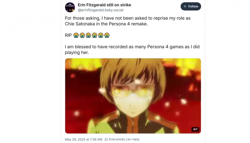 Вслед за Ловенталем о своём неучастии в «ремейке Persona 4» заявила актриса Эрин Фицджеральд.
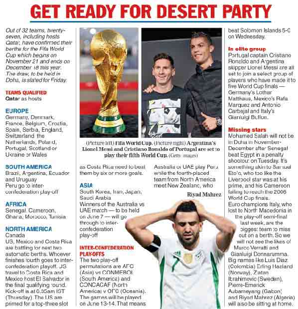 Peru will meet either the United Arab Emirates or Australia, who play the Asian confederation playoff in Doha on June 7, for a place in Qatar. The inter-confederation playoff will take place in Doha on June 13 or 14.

---

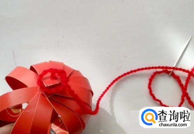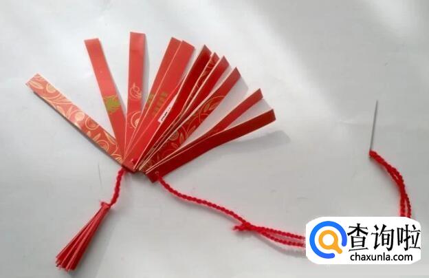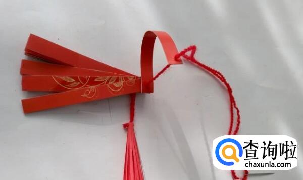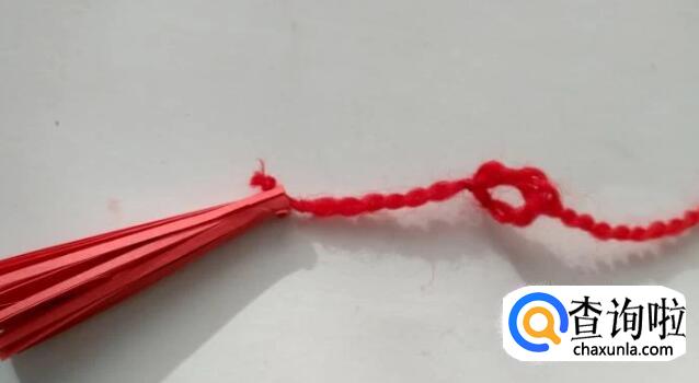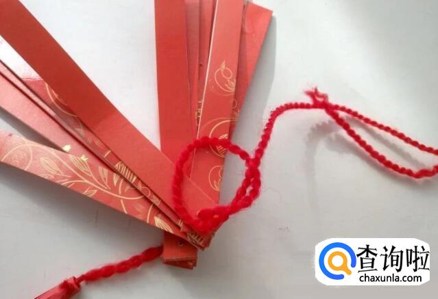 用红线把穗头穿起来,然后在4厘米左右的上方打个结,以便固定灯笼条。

---

§ **AIM OF THE TASK**: Reproduce the data above exactly, but only from the line containing "Вслед за Ловенталем" through the line containing "Peru will meet". Omit all pictures.

§ **RESULT**:
 Вслед за Ловенталем о своём неучастии в «ремейке Persona 4» заявила актриса Эрин Фицджеральд.
 Peru will meet either the United Arab Emirates or Australia, who play the Asian confederation playoff in Doha on June 7, for a place in Qatar. The inter-confederation playoff will take place in Doha on June 13 or 14.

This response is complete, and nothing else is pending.